Is the Minister content to see a working family carer have her income reduced by £1,400? Carers on carer’s allowance are already caring for 35 hours a week or more, and they cannot be expected to take on more hours to try to make up the loss. I hope the Minister is fighting on behalf of those working family carers and making sure that the Chancellor considers them when he is looking at measures that might mitigate the tax credit cuts. If there is no protection or exemption from charges for carers, they might feel that the Government are turning their backs on them and taking for granted the support they provide and the benefit they bring to the economy.
Age UK’s report, “Briefing: The Health and Care of Older People in England 2015” paints a very clear picture of the current climate in health and social care. Since 2010, 400,000 fewer people are getting the care they need, so the reliance on unpaid family carers will be ever greater. An estimated 1.6 million people currently provide care for 50 hours plus per week, which is an increase of 33% since 2001. Over the next five years, around 10 million people will become carers, so support for carers and help for them to manage their finances will remain big issues.
Carers UK says:
“The growing cost of providing good quality care and support to an ageing population with more complex care needs means that putting in place the right support for carers is both a way of limiting the rise in care costs and a way of supporting carers to have a good life balance”,
to which legislation states they are entitled. As more of us are living longer, one in five of us will become a carer
to a family member or a friend in the future, and that care role needs to be supported, financially, socially and in the workplace.
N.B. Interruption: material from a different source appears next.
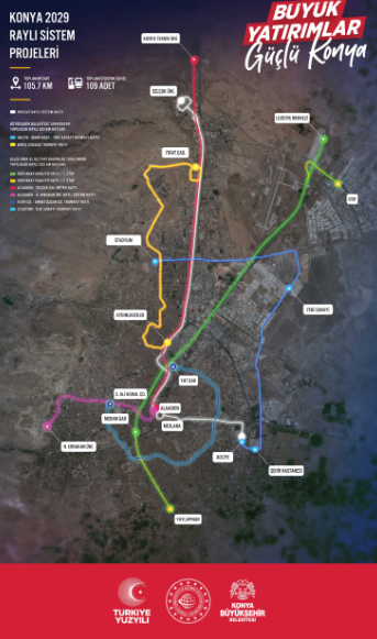 Konuyla ilgili açıklamalarda bulunan Konya Büyükşehir Belediye Başkanı Uğur İbrahim Altay, Ulaştırma ve Altyapı Bakanlığı ile birlikte Konya’ya 105 kilometrelik raylı sistem hatları kazandıracaklarını hatırlattı.

During the long hours I have been sitting here, a number of carers have commented on the debate via social media. One described some of the remarks that have been made today as
“a disgraceful and childish reaction to a very sensible Bill”.
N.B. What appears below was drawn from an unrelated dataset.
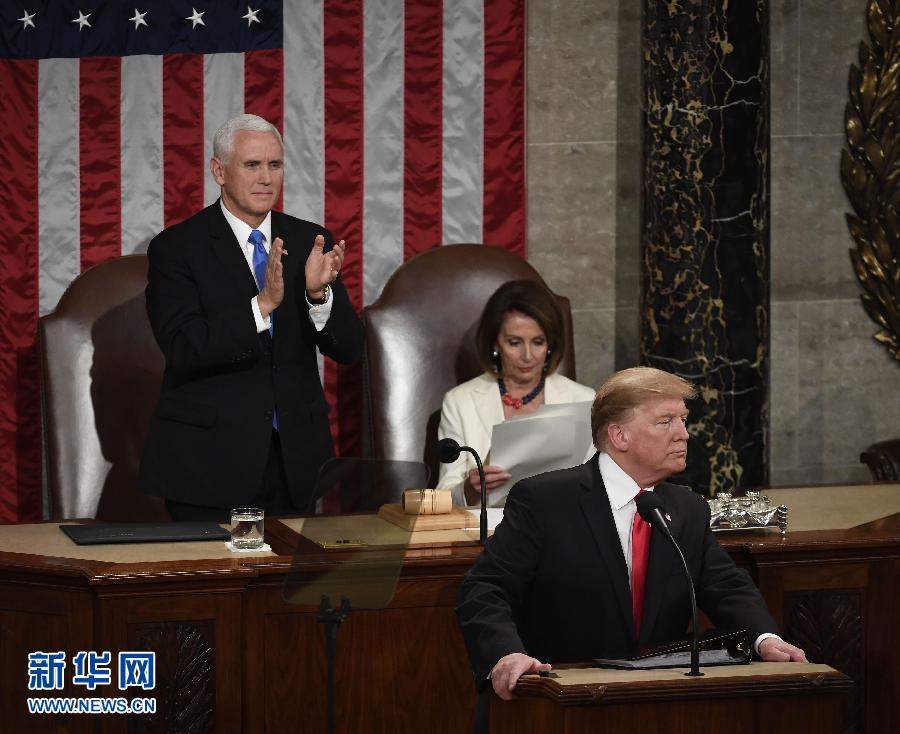 ??? 2月5日,在美國(guó)首都華盛頓,美國(guó)總統(tǒng)特朗普(前)在國(guó)會(huì)發(fā)表國(guó)情咨文演講。 新華社記者劉杰攝

Another said that the remarks were “shameful” and “insulting to carers”. Others said
“I’m glad this is being discussed”,
but that it was
“such a shame this issue is being degraded”,
and that the debate had brought the House into disrepute.
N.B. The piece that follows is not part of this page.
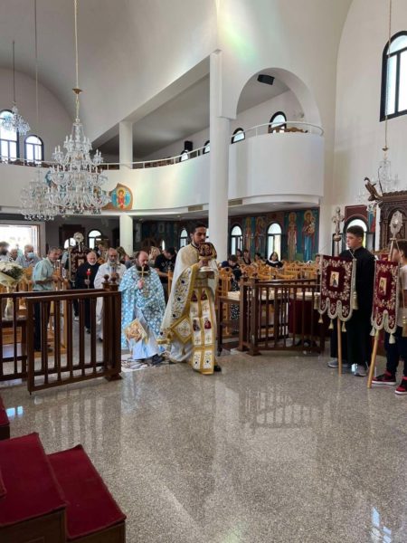 Της Θείας Λειτουργίας προέστη ο Πανοσιολογιώτατος Αρχιμανδρίτης του Οικουμενικού Θρόνου, πατήρ Διονύσιος Κοπτίδης, πλαισιούμενος από τον Πρωτοπρεσβύτερο Κυπριανό Παπαδόπουλο, τον Οικονόμο Θεόφιλο Αλχούρι, τον Αρχιδιάκονος Ραφαήλ Μισιαούλη και τον Ιεροδιάκονο Αρσένιο Αθανασίου.

Carers also made very specific comments about Conservative Members, saying that they are “out of touch” and should be reminded that carers allowance is only £3,229 a year. One spoke of spending “a fortune” on parking
“for my son’s medical appointments both routine and emergency”.
Many observed that there seemed to be a suggestion that carers would abuse the free parking, which was deeply resented.
Carers’ lives can be made easier by relatively small changes. Ministers have so far turned down the case to exempt them from the bedroom tax. Exempting them from car parking costs is a simple but effective measure, which would show them that we understand the social, financial and emotional difficulties that are associated with caring. It is a small gesture that would show carers that we value their contribution to society. I commend my hon. Friend’s Bill to the House, and I hope that the Minister and all other Members will give it their support.